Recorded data
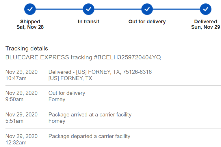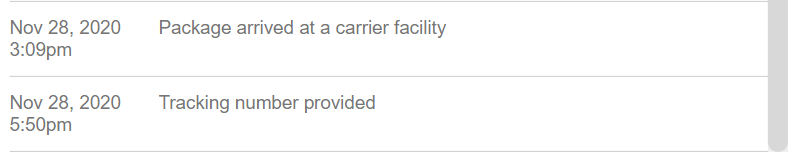 EDIT 2: This is what the tracking looked like. It's all fake. Had forgotten this was a Saturday night purchase, and a Sunday delivery. Look at the beginning. Says my package arrived at carrier facility before tracking was even provided. Was there long before it says it was delivered.
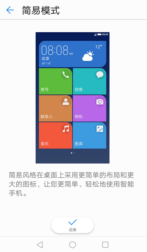 华为手机中的简易模式,图/新浪科技
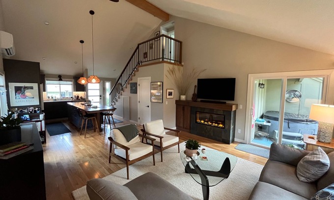 This modern townhome in Ashland offers 2 cozy bedrooms with a queen and full bed, perfect for a peaceful night's sleep. With 2 bathrooms equipped with a hair dryer and bidet, guests can freshen up before exploring the city. Enjoy the hot tub and fireplace as well as the fitness/TV room and stay connected with WiFi. The charming property also features a washing machine and dryer, and new kitchen appliances for convenience. We think our place will help you experience everything Ashland has to offer.
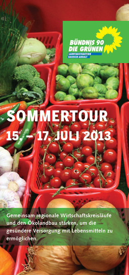 Heute in einer Woche startet die Sommertour der Fraktion von BÜNDNIS 90/DIE GRÜNEN. An drei Tagen (15. bis 17. Juli) sind dann drei Teams mit jeweils drei Abgeordneten in Sachsen-Anhalt unterwegs. "Mit unserer Sommertour starten wir nach 2011 und 2012 zum dritten Mal. Diesmal ist Ernährung das Thema unserer Tour. Unser Motto lautet: "Regional, Bio, Lecker", sagt die Fraktionsvorsitzende von BÜNDNIS 90/DIE GRÜNEN, Dr. Claudia Dalbert.
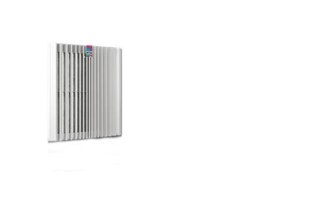Udgangsfilteret måler 323 x 323 mm og leveres i RAL 7035, hvilket sikrer en diskret og professionel integration i de fleste skabs- og systemløsninger.
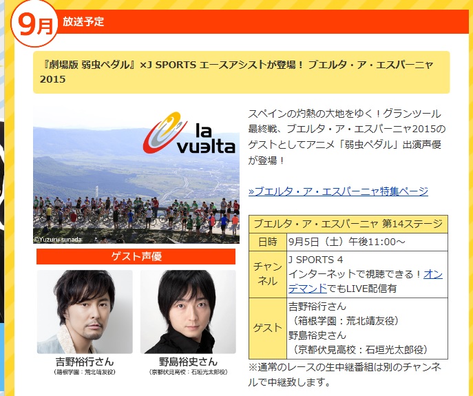 『弱虫ペダル×J SPORTS グランツール観戦塾』
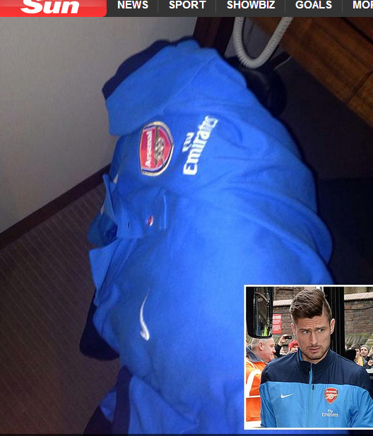 ◇셀리아 카이가 지루의 방에서 찍었다고 주장하는 아스널의 팀 트레이닝복 사진. 사진캡처=더선 홈페이지

Task objective
Your answer must be the lines from the opening line of the entries through the line holding "Udgangsfilteret måler 323", written out exactly and without any picture.

Solution to the exercise
 EDIT 2: This is what the tracking looked like. It's all fake. Had forgotten this was a Saturday night purchase, and a Sunday delivery. Look at the beginning. Says my package arrived at carrier facility before tracking was even provided. Was there long before it says it was delivered.
 华为手机中的简易模式,图/新浪科技
 This modern townhome in Ashland offers 2 cozy bedrooms with a queen and full bed, perfect for a peaceful night's sleep. With 2 bathrooms equipped with a hair dryer and bidet, guests can freshen up before exploring the city. Enjoy the hot tub and fireplace as well as the fitness/TV room and stay connected with WiFi. The charming property also features a washing machine and dryer, and new kitchen appliances for convenience. We think our place will help you experience everything Ashland has to offer.
 Heute in einer Woche startet die Sommertour der Fraktion von BÜNDNIS 90/DIE GRÜNEN. An drei Tagen (15. bis 17. Juli) sind dann drei Teams mit jeweils drei Abgeordneten in Sachsen-Anhalt unterwegs. "Mit unserer Sommertour starten wir nach 2011 und 2012 zum dritten Mal. Diesmal ist Ernährung das Thema unserer Tour. Unser Motto lautet: "Regional, Bio, Lecker", sagt die Fraktionsvorsitzende von BÜNDNIS 90/DIE GRÜNEN, Dr. Claudia Dalbert.
Udgangsfilteret måler 323 x 323 mm og leveres i RAL 7035, hvilket sikrer en diskret og professionel integration i de fleste skabs- og systemløsninger.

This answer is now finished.